Action item — Only the lines from the line with "Solved A girl" through the end of the records belong in your reply, copied exactly, with every picture left out.

Items from a dataset:
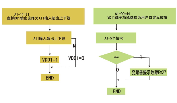 實現(xiàn)Al1超出上下限時變頻器提示故障Err27
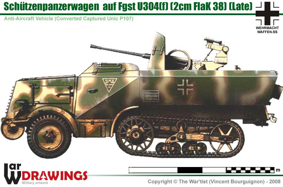 AA Vehicle based on the chassis of the French Unic P107 Halftrack, armed with the 2cm Flak 38.
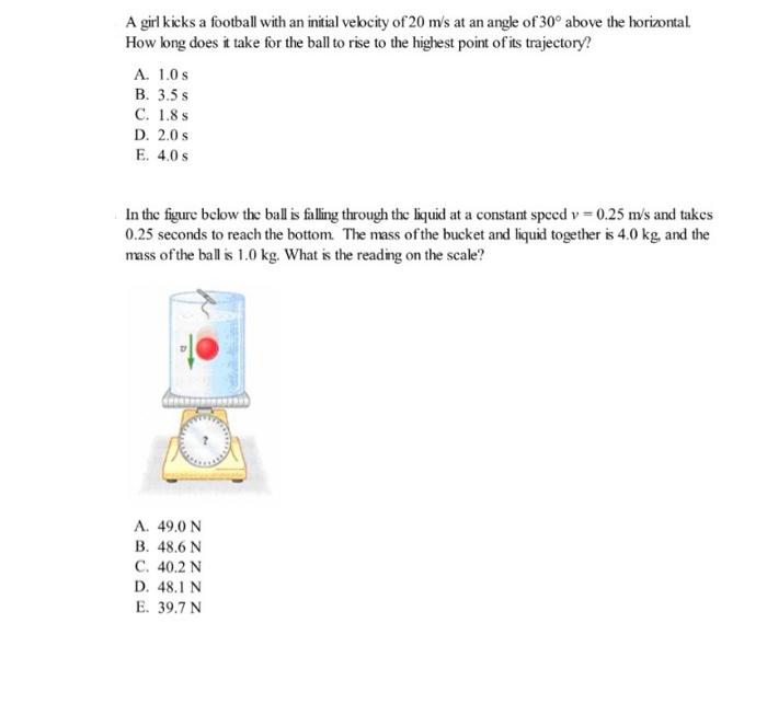 Solved A girl kicks a football with an initial velocity of
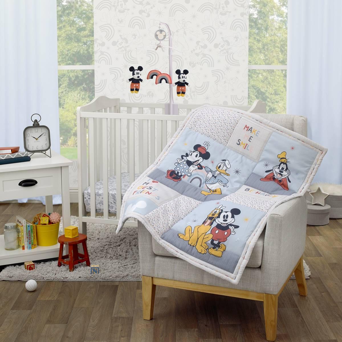 Description The Disney 3-piece Mickey and Friends mini crib bedding set will make you smile! The comforter features Mickey Mouse with his friends Minnie Mouse, Donald Duck,...
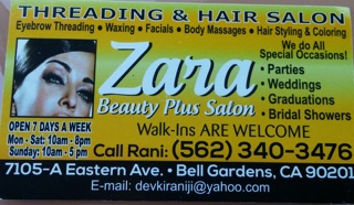Zara Beauty & Threading Salon is located in Bell Gardens Marketplace and serves local residents and visitors seeking reliable Threading Service services.

Result —
 Solved A girl kicks a football with an initial velocity of
 Description The Disney 3-piece Mickey and Friends mini crib bedding set will make you smile! The comforter features Mickey Mouse with his friends Minnie Mouse, Donald Duck,...
Zara Beauty & Threading Salon is located in Bell Gardens Marketplace and serves local residents and visitors seeking reliable Threading Service services.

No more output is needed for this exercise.